Baseline data collected included sociodemographic data, disease duration, presence of comorbidities, HLA-B27 status, ESR by Westergren’s method, and CRP by nephelometry. BASDAI, BASFI, and Ankylosing Spondylitis Quality of Life (ASQoL) [6] were collected, and ASDAS-ESR and ASDAS-CRP were calculated according to the formula provided by the ASDAS [13].
The Simplified ASDAS (SASDAS) was calculated as the simple sum of patient global assessment {using Visual Analogue Scale (VAS), 0-10}, back pain (BASDAI question no. 2, 0-10), peripheral pain and swelling (BASDAI question no. 3, 0-10), morning stiffness (BASDAI question no. 6, 0-10), and either ESR in millimetres per hour (for SASDAS-ESR) or, CRP in mg/L (for SASDAS-CRP); this sum was divided by 10 to obtain the final score [Table/Fig-1].
Calculation of SASDAS-ESR and SASDAS-CRP.
| SASDAS-ESR | SASDAS-CRP |
|---|
| Simple sum of:1. Patient global assessment (using VAS, 0-10)2. Back pain (BASDAI question no. 2, 0-10)3. Peripheral pain and swelling (BASDAI question no. 3, 0-10)4. Morning stiffness (BASDAI question no. 6, 0-10)5. ESR in mm/hrDivide the sum by 10 | Simple sum of:1. Patient global assessment (using VAS, 0-10)2. Back pain (BASDAI question no. 2, 0-10)3. Peripheral pain and swelling (BASDAI question no. 3, 0-10)4. Morning stiffness (BASDAI question no. 6, 0-10)5. CRP in mg/LDivide the sum by 10 |
VAS= Visual Analogue Scale.
Statistical Analysis
All of the data was entered electronically. Statistical analysis was performed using SPSS version 22.0. Spearman test was used to assess correlation between SASDAS and ASDAS. Stepwise linear regression was performed to assess the correlation of SASDAS-ESR and SASDAS-CRP with other variables. The cut-off values for the SASDAS-ESR and SASDAS-CRP for different stages of the disease were analysed and determined using Receiver Operating Characteristic (ROC) curves. A p-value<0.05 was considered significant for all tests applied.
Results
A total of 254 patients (224 males and 30 females) were included in the study. Mean age of the affected patients at the time of diagnosis was 32.98±11.82 years (range 16 to 74 years, median 30 years) while the mean age of onset was 27.29±10.13 years. So, the average delay in diagnosis came out to be 5.704±5.21 years (two months to 40 years). Overall, one or more peripheral joints were involved in 129/254 (50.7%) of patients. Most common extra-articular presentation was acute anterior uveitis (34/254, 13.38%). Other comorbidities reported include chronic kidney disease, type 2 Diabetes, hypertension and anaemia (1 patient each). HLA-B27 was positive in 230/254 patients (90.55%).

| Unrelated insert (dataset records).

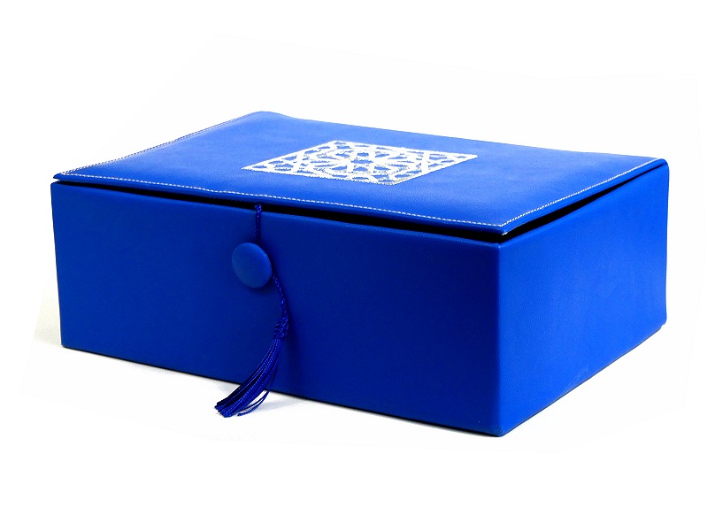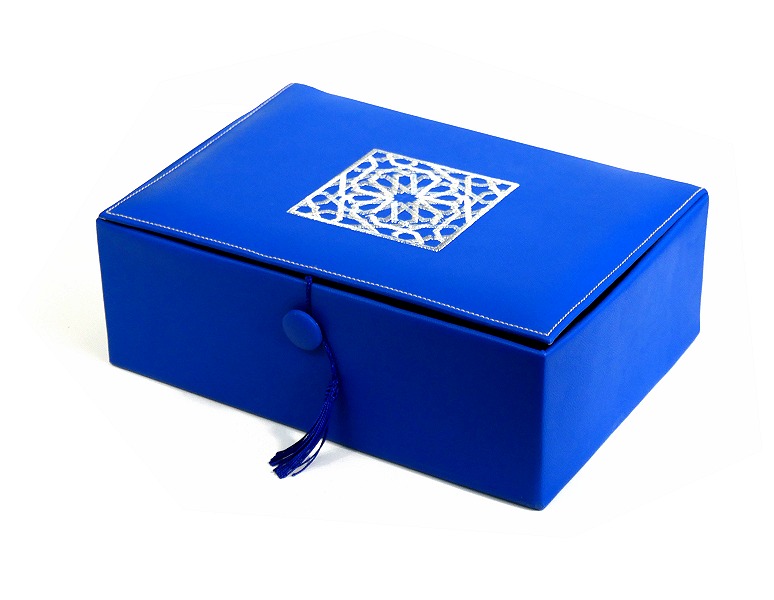 Coffret artisanal de luxe bleu en cuir avec motifs rosace argente
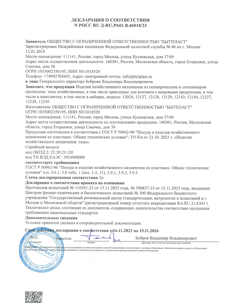 Декларация о соответствии РОСС RU Д-RU.РА01.В.46018 23 (тазы)
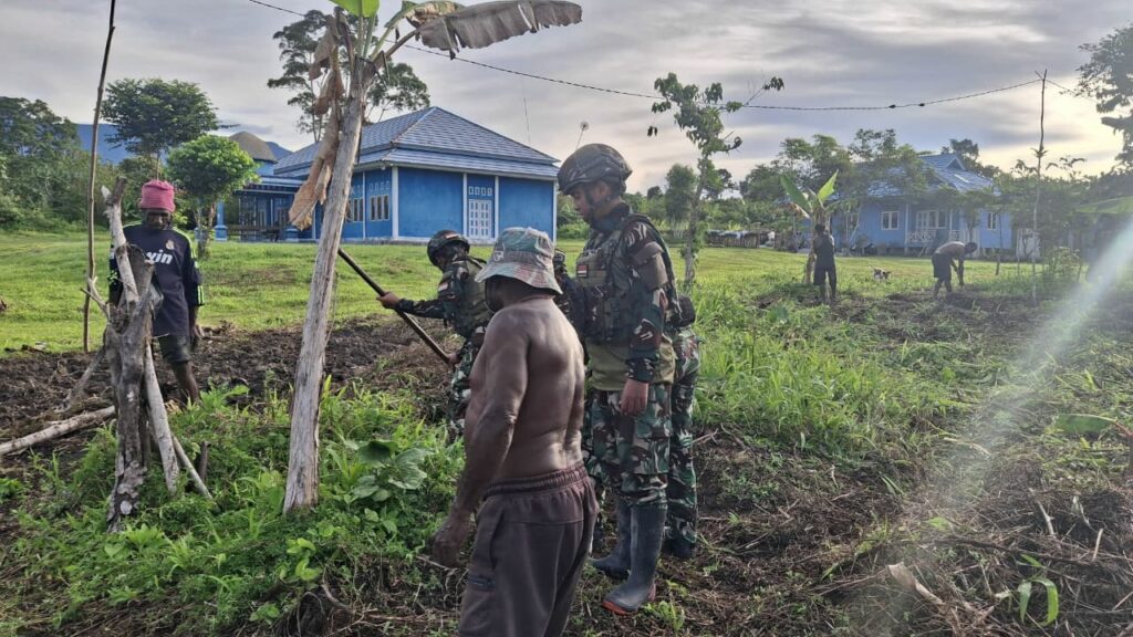 Personel Satgas Yinif 521/DY kembali menunjukkan kepedulian mereka terhadap kemandirian pangan masyarakat dengan membantu warga membuka dan menyiapkan kebun di lahan kosong milik kampung di Kobakma, Mamberamo Tengah, Papua Pegunungan (19/11/2025).
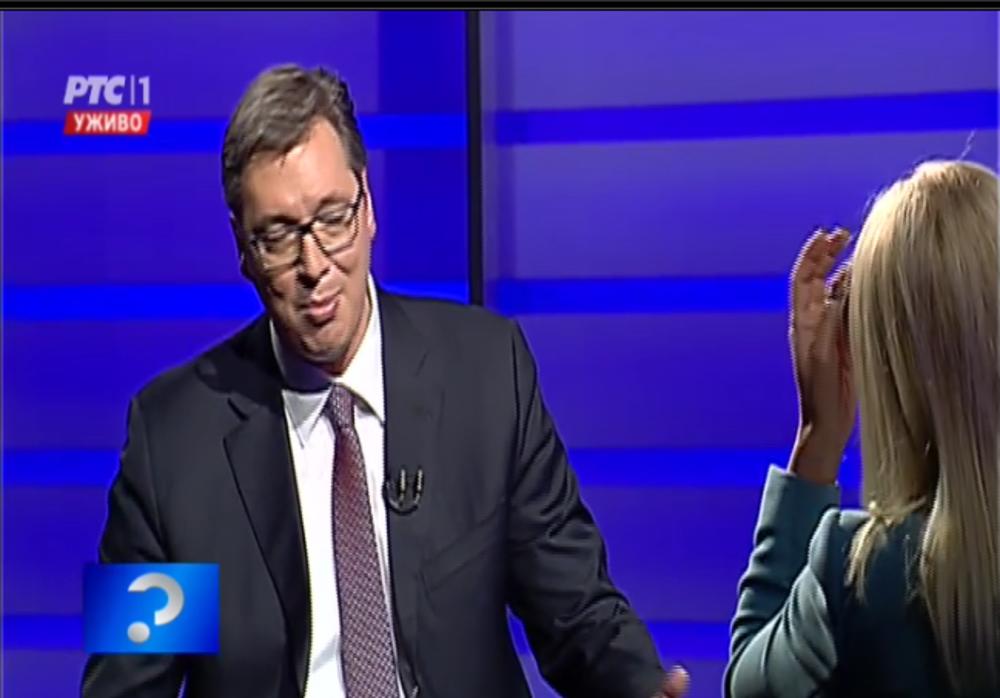 - SNS je predložila danas mene za kandidata, odluka se donosi na sednici Glavnog odbora u petak. Suština je u tome da ono na čemu sam insistirao, je da je ovo pitanje od značaja Srbije. Ja sam ovde večeras kao predsednik Vlade, a ne kao kandidat. Mnogo volim posao predsednika Vlade, postigli smo značajne rezultate, a poslednjih nekoliko meseci ste mogli da vidimo da svi oni koji su nas doveli do ivice bakrotstva i učestvovali u pljačkaškim privatizacijama žele da ponovo vrate Srbiju na ivicu provalije posle teških reformi koje priznaje ceo svet - rekao je Vučić u emisiji.

The correlation between SASDAS and ASDAS is showed in [Table/Fig-2]. SASDAS-ESR and SASDAS-CRP showed good correlation with the ASDAS-ESR and ASDAS-CRP respectively (Spearman’s rho 0.93 and 0.92 respectively; p-value<0.001).
Correlation of SASDAS-ESR with ASDAS-ESR, and SASDAS-CRP with ASDAS-CRP.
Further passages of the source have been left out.